Just Playlists—Android Music Player for M3U Playlists

There are quite a few nice general-purpose music players for the Android operating system.  But I couldn’t find one that was lightweight and implemented playlist shuffling the way I wanted it to.  A “proper” playlist shuffle for me is shuffling the list of tracks as found in the playlist and then playing the shuffled list from first track to last track.  This means that no track will be played again until all tracks in the shuffled list have been played.  Most the Android players I’ve tried simply do random play—that is, they randomly pick tracks from the playlist and thus will end up with repeats before all tracks are played.

That’s why I ended up writing the “Just Playlists” music player for Android.  It’s not meant to be a replacement for the other music players and doesn’t have the sophisticated features they do.  But it does shuffle playlists as described above.  Here’s a complete list of the important features of the program:

  • User choice of loading the playlists in given order or as randomly shuffled.
  • A shuffled playlist is read from first to last track and thus doesn’t repeat any tracks before all tracks have been played.  Upon getting to the end of the playlist, play continues at the beginning of the list.
  • The current track, current position in the track, and track order are saved for each loaded playlist.  Thus, the user can switch between playlists and always return to the same spot in each playlist.
  • The music player interface is very simple, with maximal space being given to the album artwork.
  • Android’s media database is queried for tag and artwork information.  Thus, any media that Android can scan and store data for will return information for the program to display.
  • The user can use the “Touch” menu option to for the currently-loaded playlist, which causes it to be reloaded from the microSD card, with the choice of a new shuffle or unshuffled.
  • If a playlist file is changed by the user, the program detects this and reloads it as if it’s a new playlist.
  • The user creates playlists outside of the program in M3U format and then loads them to the microSD card.  An M3U playlist is a text file with one track file name per line.  Track file names can be complete Unix-style file paths to the location of music files anywhere on the microSD card.
  • If a phone call comes in, the player will pause during the call and then resume afterward.

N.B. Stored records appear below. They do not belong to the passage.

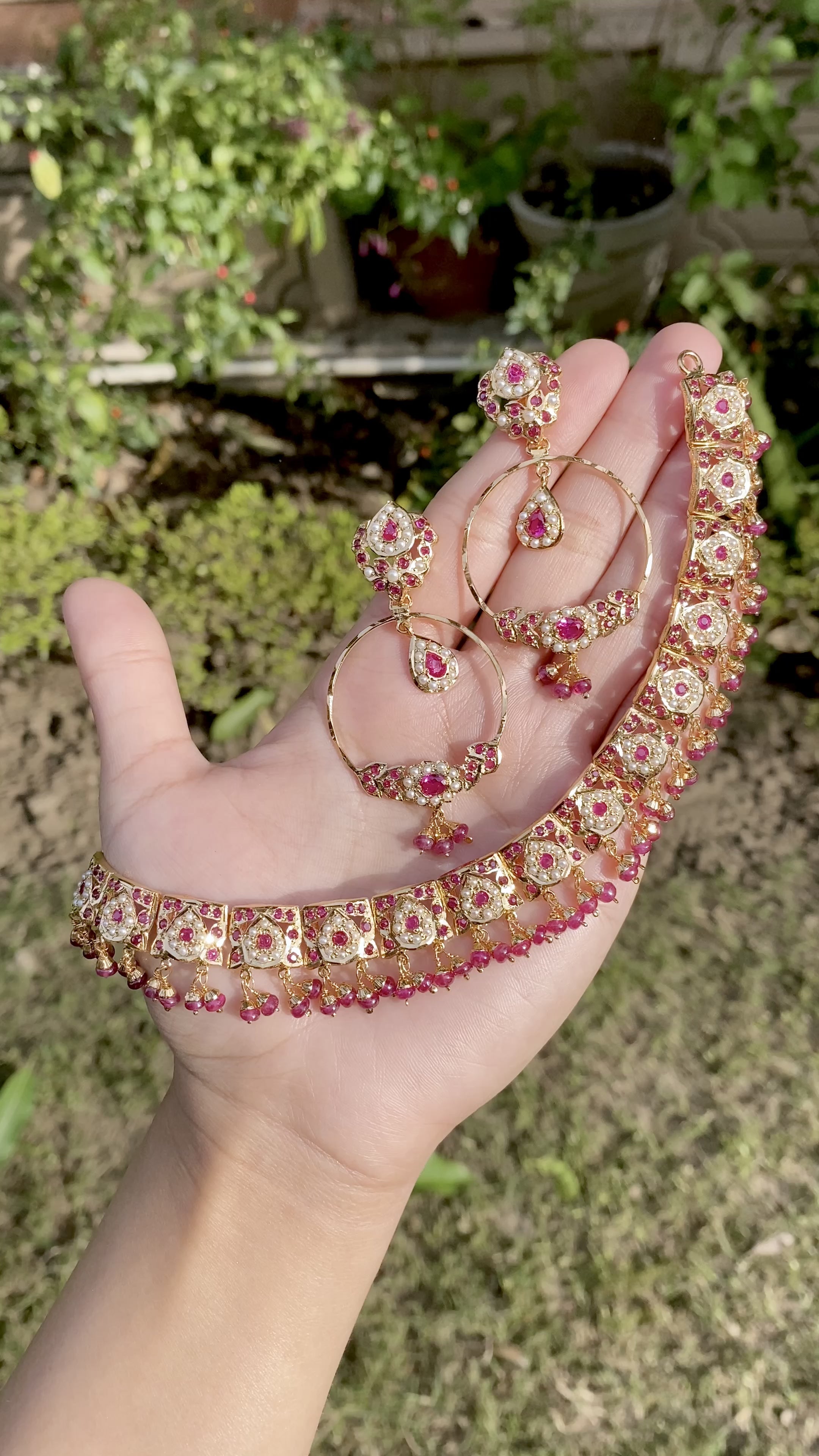 925 स्टर्लिंग सिल्वर में हस्तनिर्मित नेकलेस सेट। इसे कीमती मोतियों और रूबी जैसे दिखने वाले लाल पत्थरों से जड़ा गया है - आभूषण बनाने की पारंपरिक जड़ाऊ कला का उपयोग करके। यह अनोखा सेट कालातीत लालित्य और शैली का सहज मिश्रण है। 925 स्टर्लिंग सिल्वर में हस्तनिर्मित और कीमती मोतियों और रूबी लटकते मोतियों के साथ, यह किसी भी अलमारी के लिए एक शानदार अतिरिक्त है।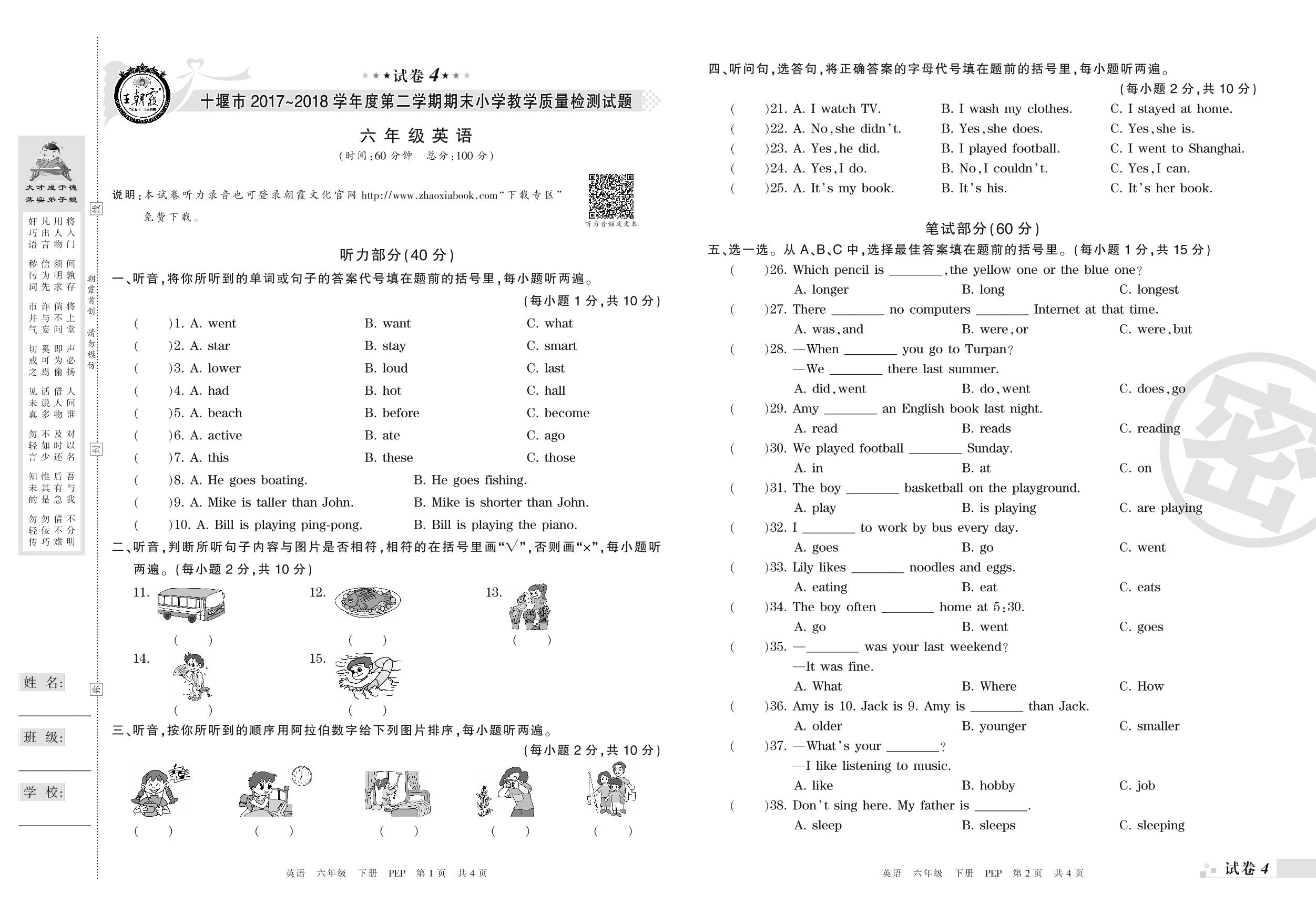 2017-2018学年第二学期十堰市六年级英语试卷(PEP版)【4】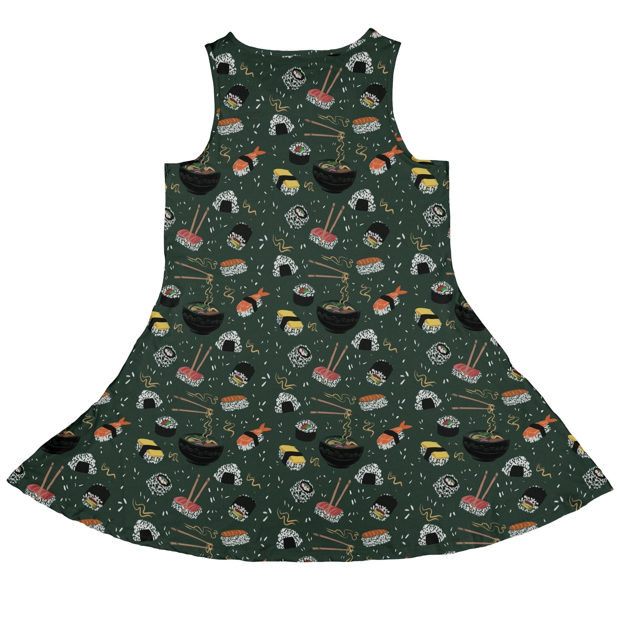 Oishi Sushi Green Dress plates up playful style with a crisp green canvas sprinkled in sushi motifs, artfully arranged for a bold yet easy vibe. Designed by Claire Murphy, it pairs geek charm with everyday polish, moving effortlessly from con to coffee run. The print pops without shouting, and the silhouette keeps things breezy and confident—artist-backed, feel-good fashion that’s ready to roll.

    This program is not for everyone.  To use it, you’ll need to be comfortable with creating M3U playlists on your computer and then loading them and your music files to your phone’s microSD card.   I do this using Perl and DOS scripts to create the playlists from iTunes playlist exports, copying both the music and the playlists to my microSD card from my PC.  I hope to make these suitable for public consumption and make them available at some point.

    Here’s a list of improvements I hope to make to “Just Playlists” in the future:

    • Better use of higher screen resolutions.  The program should work fine at all resolutions, but it looks best under 320×480 and doesn’t take full advantage of higher resolutions and their increased screen areas—such as the 854×480 screen of the Motorola Droid.
    • Bluetooth headset control.
    • Ability to view and manipulate playlists from within the program.
    • Ability to specify either repeat play when the end of a playlist is reached or that the playback should just stop.

      If you try the program out and find that it has any problems, feel free to leave a comment here and I’ll see if I can fix it.  Please include information on your phone, including its screen resolution and the version of Android its running.  I own a T-Mobile G1 and thus have only used it on this physical hardware, which is running Cyanogen’s modded version of Android Donut (v. 1.6r2) at 320×480.  I have tested it via emulators under most screen resolutions and on Android v. 1.5r3 through 2.0.1.